The National Science Foundation is the federal agency that supports research in science and engineering. At the University of California, Irvine, it is Dr. Walter Scacchi, senior research scientist, and colleagues at the Institute for Software Research who are capturing attention with their series of empirical studies about the Open Source communities. What he is finding is that Open Source and free software development is faster, better, cheaper in building a community. One of the advantages foreseen is helping businesses understand the implications of internally adopting Open Source methods or investing in Open Source communities.

Scaachi comments on the significance of these investigations: "While there is a growing popular literature attesting to open software, there is little in the way of careful systematic empirical study that informs how such communities produce software; how they coordinate software development across different settings; and what social processes, work practices, and organizational contexts are necessary to their success." He says that research communities and commercial enterprises will benefit from better-grounded theories that allow effective investment of their resources.

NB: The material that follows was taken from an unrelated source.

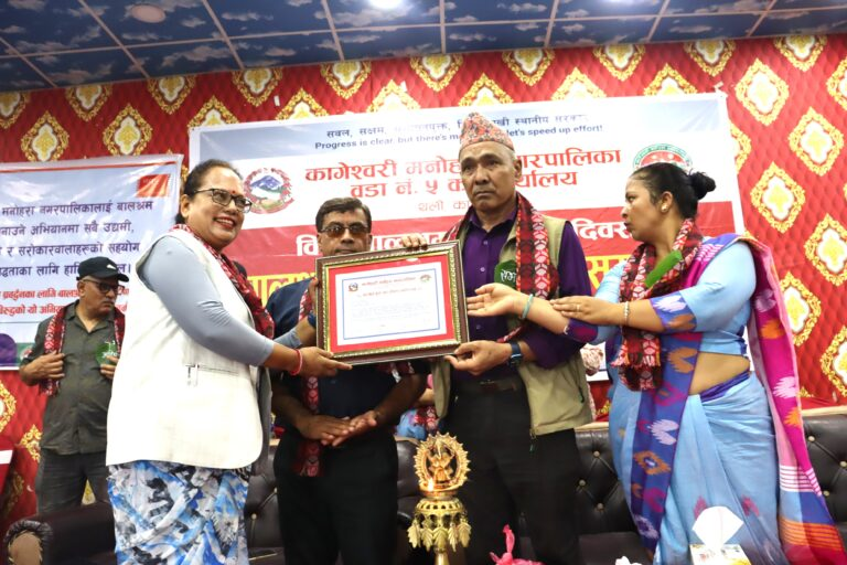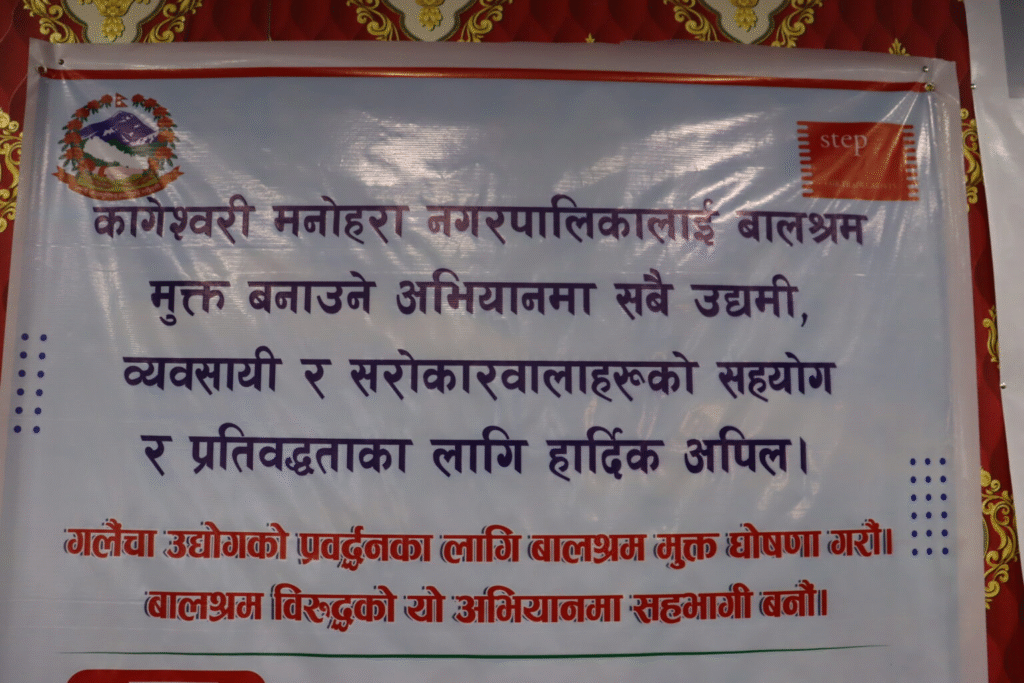 काठमाठौ- कागेश्वरी मनोहरा नगरपालिका बालश्रममुक्त समाज निर्माणको अभियानमा सक्रिय रूपमा जुटिरहेको छ। नगरका विभिन्न वडामा चरणबद्ध रूपमा बालश्रममुक्त घोषणा भइरहेको छ । नगरपालिकालाई आगामी दुई वर्षभित्र पूर्ण रूपमा बालश्रममुक्त बनाउने लक्ष्यसहित काम अघि बढिरहेको छ । बालश्रम अन्त्यका लागि अनुगमन र जनचेतनामूलक कार्यक्रमलाई निरन्तरता दिईरहेको नगरप्रमुख उपेन्द्र कार्कीले बताउनु भयो ।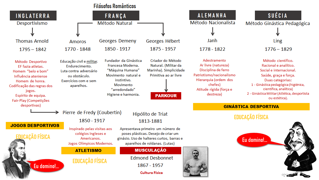 - Georges Hébert, oficial da marinha francesa que, na primeira metade do século XX, elaborou um conjunto de procedimentos para exercitar o corpo, o qual denominou “Método Natural“. A sua abordagem preconiza uma relação física com o ambiente natural, centrada “no valor intrínseco da natureza” a qual é vista como um ginásio natural. “Nenhuma cultura física dita científica, fisiológica ou outra, jamais produziu seres fisicamente superiores em beleza, saúde e força a certos habitantes naturais de todas as regiões do mundo (Hébert, 1941).

Taking this one step further, David Hart of the NSF provides additional context for these research endeavors. "They are also trying to determine if Open Source software is appropriate for projects that have fixed requirements and are of interest to a limited community, such as air-defense radar software."

FLOSS in its very acronym is a sign of the times. Shared code and freedom to modify code are upheld by varied camps, and FLOSS accommodates all adherents. The Free/Libre and Open Source Software: Survey and Study was commissioned by the European Commission in July 2002 and carried out by the International Institute of Infonomics of the University of Maastricht. They were out to study the population of developers to pin down who they are, how much they contribute, and why they do it. The goal was to fill the gap in prevailing data about the use of Open Source/Free Software, and the EC-commissioned report sought hard data: monetary and non-monetary activity, authors' contributions, business models, best practices, and policy/regulatory impacts included.

As pervasive as that study's directions were, another FLOSS survey was in order to fill the geographic gap. The 2002 Maastricht-led survey used responses from 2,784 OS/FS developers, but 71% lived in Europe or Russia and only 13% lived in the United States.

To extend the perspective, the Stanford Institute for Economic Policy Research (SIEPR) carried out The FLOSS-US survey in 2003.  SIEPR's study leaders asked the same questions in the first survey along with some new ones: What's the responding developer's role? What's the extent and intensity of his or her contribution? What support did the project get from proprietary firms? What's the project's relationship with commercial enterprises?

For the Asian perspective, the Mitsubishi Research Institute is conducting a survey of Open Source software developers that is supported by Japan's Ministry of Economy, Trade and Industry (METI). As with the America survey, extra questions were added, this time relevant to what the study seeks to know about Asian developers: English skills, whether their community is domestic or global, Linux qualifications, and income from OS/FS development.